■ **Description of the task**
In the entries below, which lines run from the one containing "Koken RS2300A Deep" to the one containing "Flugzeuge zivil EVA"? Copy exactly those lines, ends included, and no others.

■ **Data for this exercise**
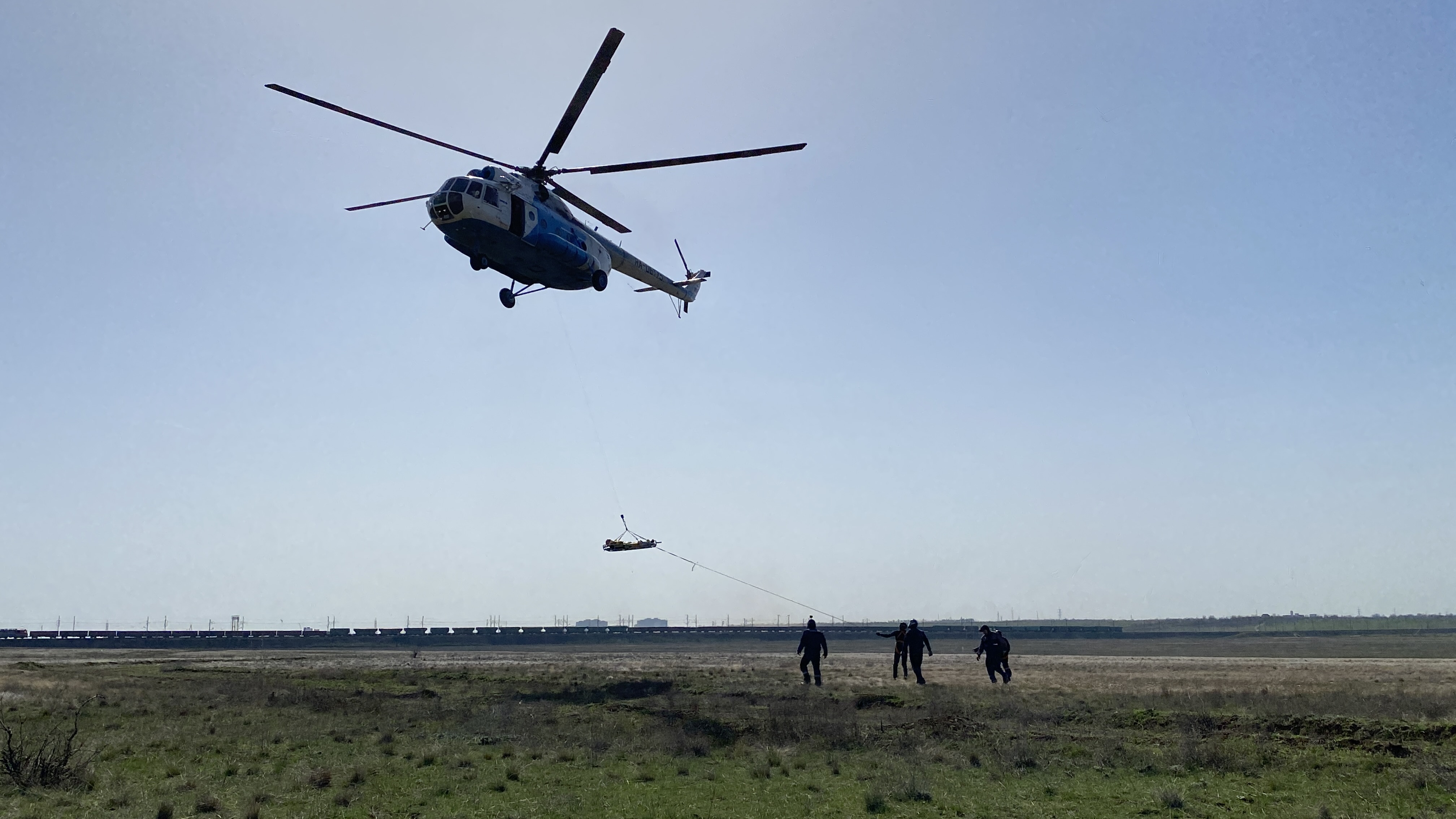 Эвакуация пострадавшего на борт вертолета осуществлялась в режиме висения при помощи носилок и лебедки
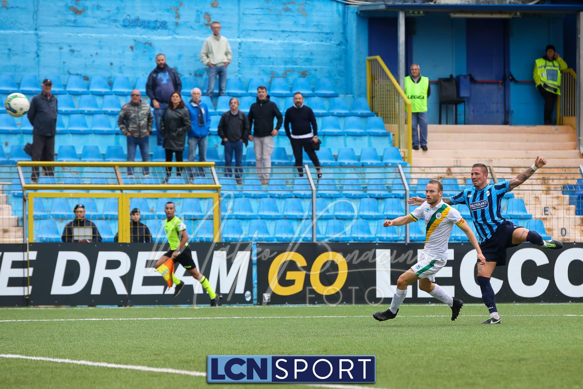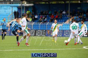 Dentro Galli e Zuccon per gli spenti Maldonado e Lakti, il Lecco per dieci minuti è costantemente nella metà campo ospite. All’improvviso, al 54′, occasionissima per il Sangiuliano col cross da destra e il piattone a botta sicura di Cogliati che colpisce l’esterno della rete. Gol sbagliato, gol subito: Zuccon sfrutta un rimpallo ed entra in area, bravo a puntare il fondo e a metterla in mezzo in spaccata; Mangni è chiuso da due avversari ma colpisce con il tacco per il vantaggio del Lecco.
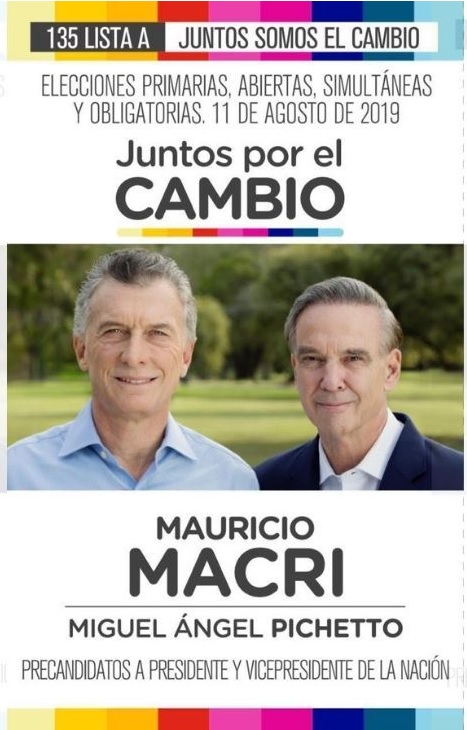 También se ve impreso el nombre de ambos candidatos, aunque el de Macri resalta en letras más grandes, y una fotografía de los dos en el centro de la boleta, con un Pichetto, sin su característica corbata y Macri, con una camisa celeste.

==

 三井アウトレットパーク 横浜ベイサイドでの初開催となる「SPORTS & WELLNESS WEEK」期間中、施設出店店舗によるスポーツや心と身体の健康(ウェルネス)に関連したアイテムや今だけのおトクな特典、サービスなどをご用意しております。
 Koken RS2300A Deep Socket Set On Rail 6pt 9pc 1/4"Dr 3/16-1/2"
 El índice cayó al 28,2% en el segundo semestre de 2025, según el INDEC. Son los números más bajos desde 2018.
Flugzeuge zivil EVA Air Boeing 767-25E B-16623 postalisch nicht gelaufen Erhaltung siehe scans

■ **Answer box**
 Koken RS2300A Deep Socket Set On Rail 6pt 9pc 1/4"Dr 3/16-1/2"
 El índice cayó al 28,2% en el segundo semestre de 2025, según el INDEC. Son los números más bajos desde 2018.
Flugzeuge zivil EVA Air Boeing 767-25E B-16623 postalisch nicht gelaufen Erhaltung siehe scans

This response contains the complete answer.